Congratulations on your wonderful body! :batting: I see you already got a lot of compliments, but here's one more, you're simply adorable!


----------



## channelgirl06 (Apr 2, 2007)

feel free to post, its not like we're gonna say "ughhh, he's fat and ugly" this is Dimensionsmagazine.com, if someone is joined to this website for a reason other than admiring or gaining then they don't belong here. We welcome all people with no gut, start of a gut, or a great gut.
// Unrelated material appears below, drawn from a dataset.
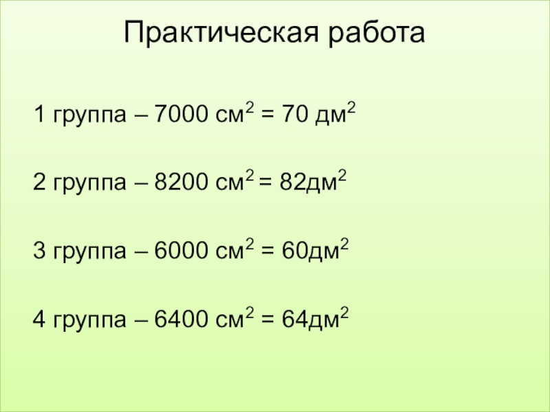 Практическая работа 1 группа – 7000 см2 = 70 дм2 2 группа – 8200 см2 = 82дм2

There is no need to be uncomfortable, we are very "accepting" people. -Channel


----------



## holy crap (Apr 10, 2007)

no more shyness. i've made my decision and i'm sticking to it.

here are pictures of me.

if anyone wants to im me, i've got aol im. feel free to. the name is in my profile. i'd like to make some friends here.

if you want a face pic. im me. we'll get to know each other. i'm still not quite ready to just post my mug all over here.


sorry for the blurriness. the only camera i've got is on my phone. 

View attachment Image001.jpg


View attachment Image002.jpg


View attachment Image003.jpg


----------



## HDANGEL15 (Apr 11, 2007)

*such a beautiful body..........yummmmmmmmmm THANKS 4 sharing :eat2: *


----------



## PrettyKitty (Apr 12, 2007)

Very cute tummy.


----------